Edelle, immobile et silencieuse jusqu’à présent, entonne un chant, sur le bout des lèvres pour commencer puis de plus en plus fort.

« Près du feu chatoyant
S’en vont tambour battant,
Les effusions éphémères
d’une veillée au son sincère »

Tout en tournant sur elle-même, la jeune fille ramasse, rafistole et arrange à sa façon les dégâts des petits monstres qui, en y réfléchissant bien, doivent être des surifis, des boules de nerf héritées d’une époque grossière et stressante. L’étrange ménage d’Edelle mêle poudres bleus, sable et restes de cire de bougie en un concert original. Les surifis se mettent distraitement à l’imiter et à anticiper ses desseins tout en croyant poursuivre leurs espiègleries. Les formes se métamorphosent et les matières se confondent tout en conservant leurs particularités propres.

En fin de compte, les gestes d’Edelle, que l’on pensait approximatifs, trouvent une raison et les surifis suivent sa cadence gracieuse. Certes, les skadars ne sont plus des bougies, les peaux de bête ne couvrent plus uniformément les murs, les essences d’agrumes se sont dissipées au profit d’un nouveau parfum plus mature, plus corsé bien que délicat. Le résultat laisse toute la famille sans voix.
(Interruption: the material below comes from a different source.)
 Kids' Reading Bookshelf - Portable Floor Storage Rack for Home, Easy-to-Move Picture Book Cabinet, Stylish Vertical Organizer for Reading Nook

Du mur jusqu’au sol, a fleuri une immense fresque qui respire la nature tout en étant sublimée par la touche artistique de la main d’Edelle.

Le repas est gâché assurément, toutefois subsiste quelque chose de plus puissant qui transcende la coexistence de l’Homme avec la nature : l’art et son appropriation en toutes circonstances. Au gré des tempêtes, l’habileté, le savoir-faire et l’éloquence seront nos meilleurs atouts et un point de ralliement pour une agrégation de connaissances empreintes de chacun des souffles uniques que nous formons.

Désormais, à chaque Sélouva, chaque famille ou village se lance dans une fresque gigantesque. Plus elle est grande, plus l’année sera prometteuse et plus elle mêle de substances et d’éléments naturels, plus l’année sera prospère.